Thirteenth International Workshop on
Real-Time Business Intelligence and Analytics

August 26, 2019 - Los Angeles, CA, USA

Keynote speakers

Philip A. Bernstein

Stream Processing in an Actor-Oriented Database System

Many of today's near-real-time, server applications are stateful and processor-intensive. Since their workload is often highly variable, they must be scalable and elastic. Example applications include multi-player games, social networking, mobile computing, telemetry, and Internet of Things. These applications have stateless front-end processors that feed stateful objects in the cloud. Usually these objects are backed by key-value cloud storage, rather than by stored procedures in a database system. This enables the system to scale elastically by adding or removing inexpensive middle-tier servers. When the objects are single-threaded and do not share memory, they are called actors. There are dozens of programming frameworks for building actor applications, such as Akka, Erlang, Orbit, and Orleans. Although these applications do not use a database system, they can benefit from database abstractions, such as transactions, indexing, queries, replication, geo-distribution, and stream processing. We therefore propose a new type of database system, called an actor-oriented database system (AODB), which supports these features over middle-tier stateful objects. As an example feature, we will discuss how to add stream processing to an AODB. The AODB must support different stream processing engines and message transports as plug-ins. It must allow a mix of declarative queries and custom application code and enable fault-tolerant processing of events. We will explain how these requirements were met in the stream processing framework of Orleans.

Philip A. Bernstein

Philip A. Bernstein is a Distinguished Scientist at Microsoft Research. He has published over 150 papers and two books on the theory and implementation of database systems, especially on transaction processing and data integration, which are still the major focus of his research. He is an ACM Fellow, a AAAS Fellow, a winner of ACM SIGMOD's Codd Innovations Award, a member of the Washington State Academy of Sciences, and the U.S. National Academy of Engineering. He received a B.S. degree from Cornell and M.Sc. and Ph.D. from University of Toronto.

Roger Barga

Extracting Real-Time Insights from Streaming Data

Stream data processing is about identifying and responding to events happening in your business, in your service or application, or with your customers in near real-time.

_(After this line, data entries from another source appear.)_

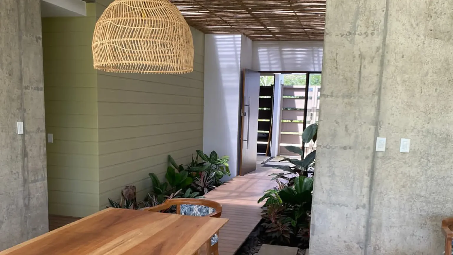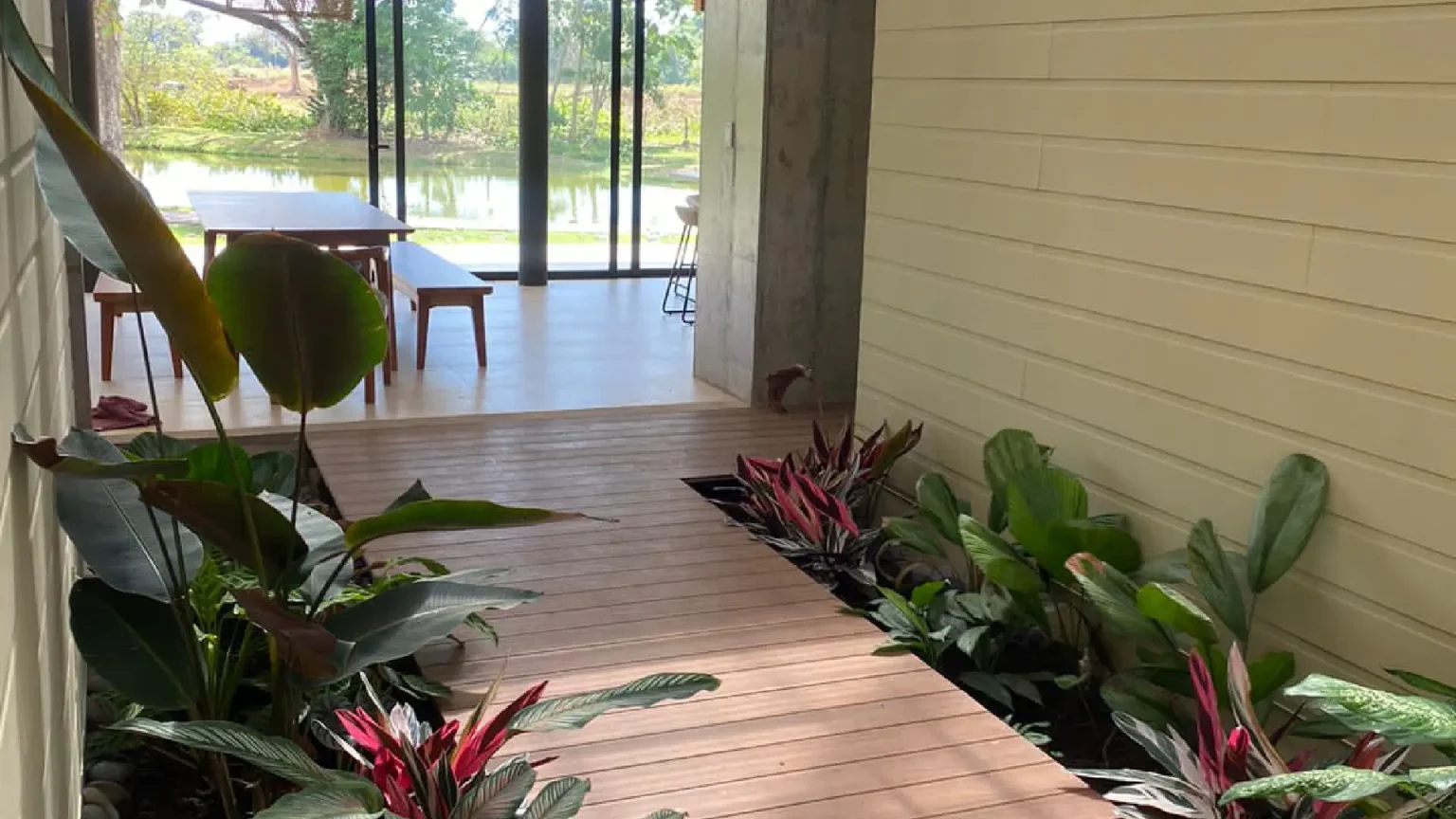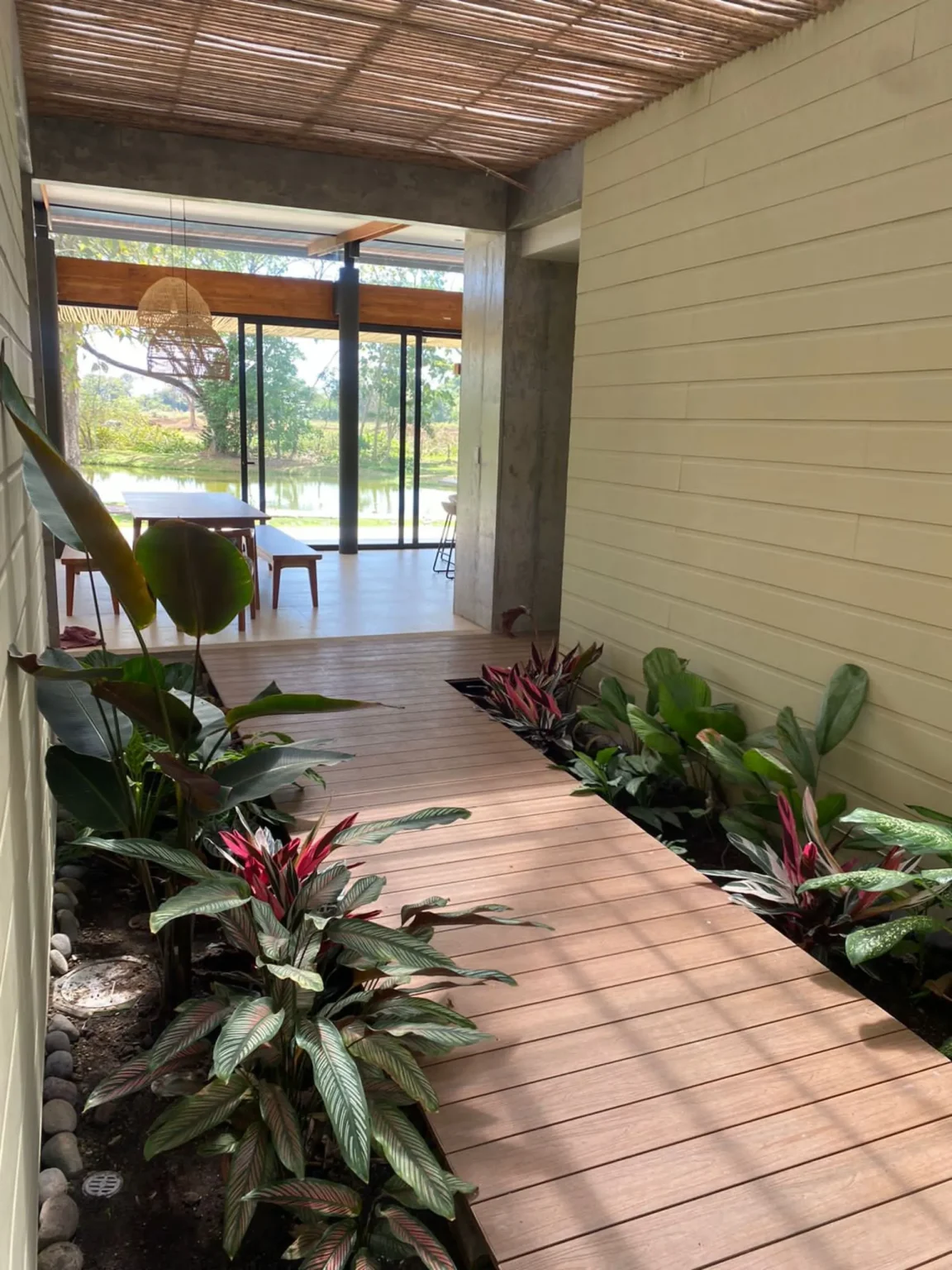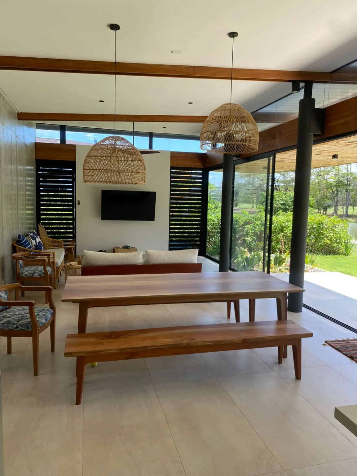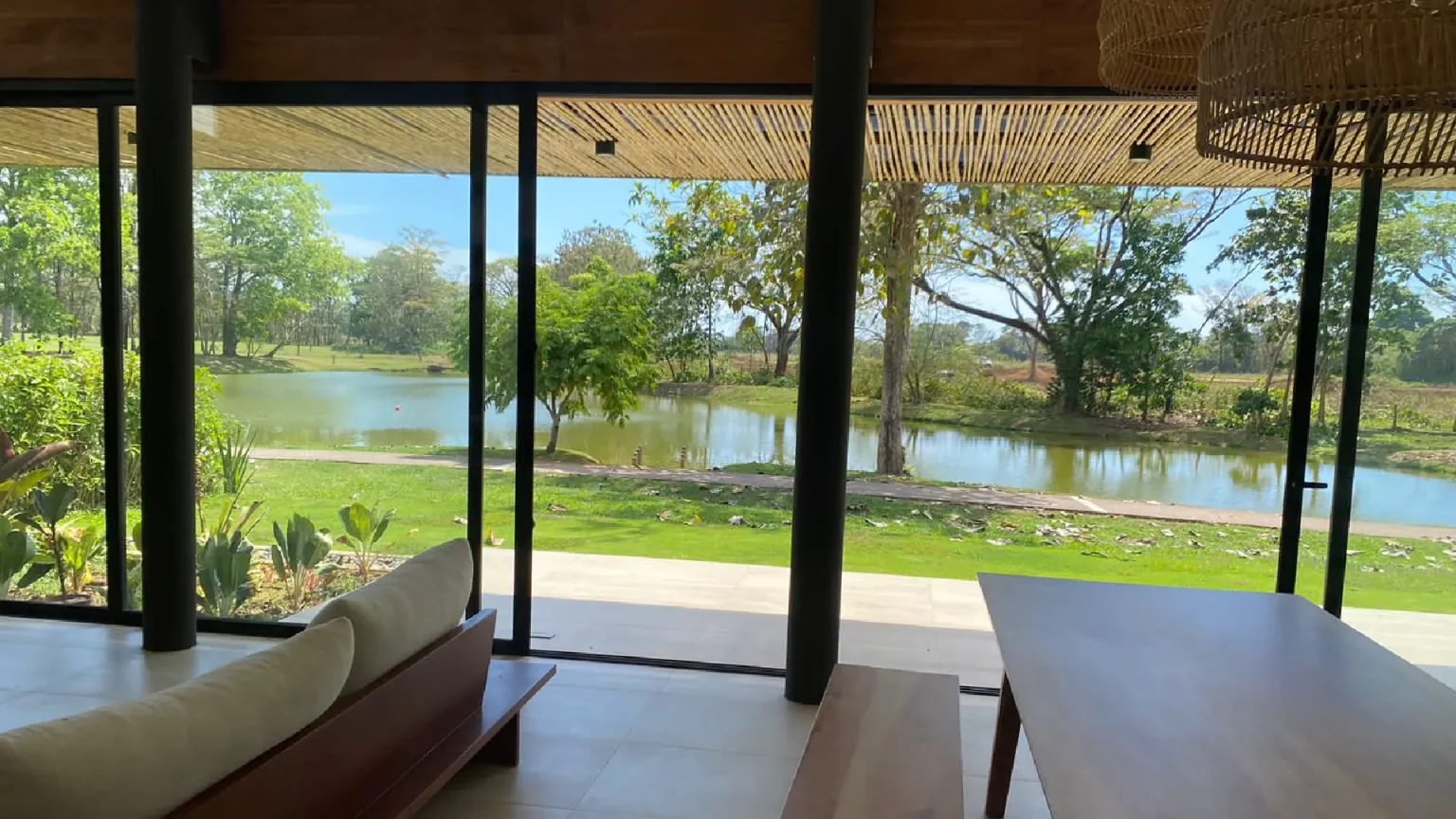 This house is a true tribute to the materiality of the charming residences in the Limonense tropics of our country. With a contemporary interpretation, a unique and captivating space has been created. As you walk through a covered passage surrounded by vegetation, the rooms of this project seamlessly connect, guiding us from the main entrance to the social area. From here, a panoramic view of a serene lake nearby is revealed, providing an idyllic setting to enjoy and relax.
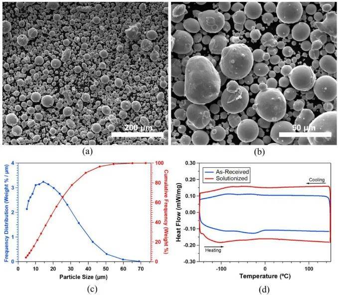 圖3 (a)(b)收到的Ni51.2Ti48.8粉末的低倍和高倍SEM圖像。(c)粉末的粒度分布(PSD)和(d)粉末和粉末在950℃固溶熱處理24h后的差示掃描量熱(DSC)結(jié)果。
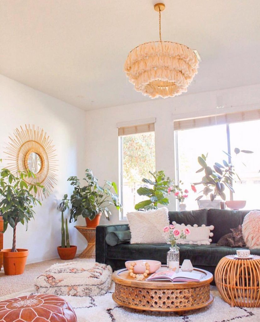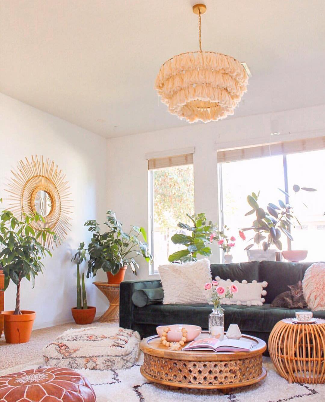 @dreaming_of_decor has us dreaming of napping on that sofa!! Featuring our Emuna mirror and Fela tassel chandelier. All kinds of boho beautiful!
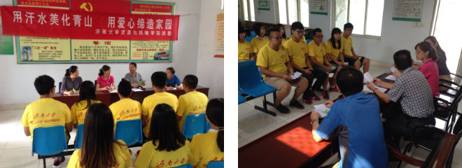 会议上,学院老师与刘委员进行了一系列的交流。刘委员为我们讲述了焦家村的发展现状,并对我们提出的环境保护的问题也连连赞同。他表示,随着人民生活水平的提高,村子周边工厂的增多,周围环境的确越来越恶劣,水污染也越来越严重,但是大多数村民不以为意,村委一定会加大力度做好环保的宣传以及环保知识的普及工作,让越来越多的村民了解环保,并在能够日常生活中保护环境。
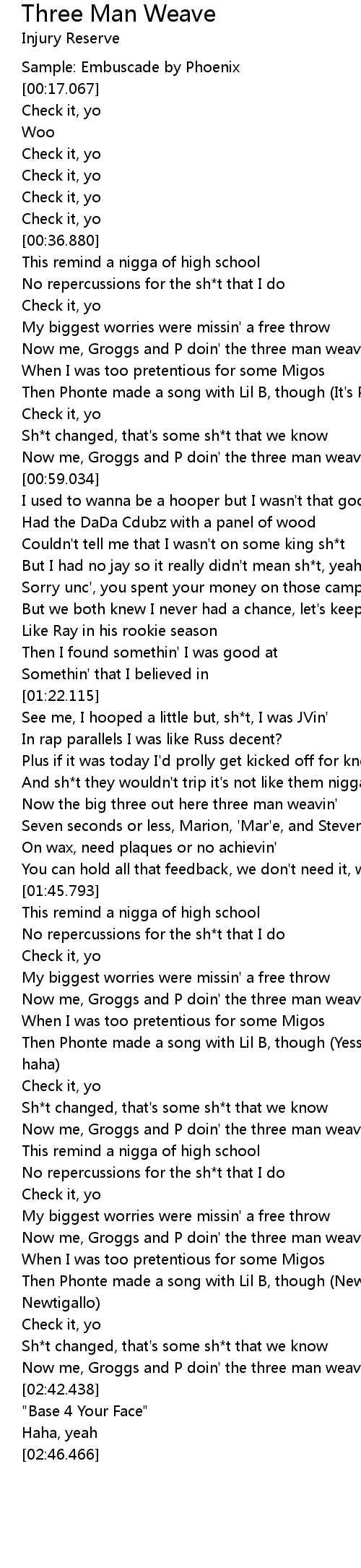 Now me, Groggs and P doin' the three man weave, though |

Sensors, IoT and mobile devices, and online transactions all generate data that can be monitored constantly to enable a business to detect and then act on events and insights before they lose their value. The need for large scale, real-time stream processing of big data in motion is more evident now than ever before. In this talk I will draw upon our experience with Amazon Kinesis data streaming services to highlight use cases and dive deep into the role of machine learning over streaming data to extract insights in real-time.

Roger Barga

Roger Barga is General Manager for AWS Robotics and Autonomous Systems. Prior to that, Roger was General Manager and Director of Development for Amazon's Kinesis data streaming services. Before joining AWS, Roger was in the Cloud Machine Learning Group at Microsoft, where he was responsible for product management of the Azure Machine Learning service. Roger is also an affiliate professor at the University of Washington, where he is a lecturer in the Data Science and Machine Learning programs. Roger holds a PhD in computer science, has been granted over 30 patents, has published over 100 peer-reviewed technical papers and book chapters, and has authored a book on predictive analytics.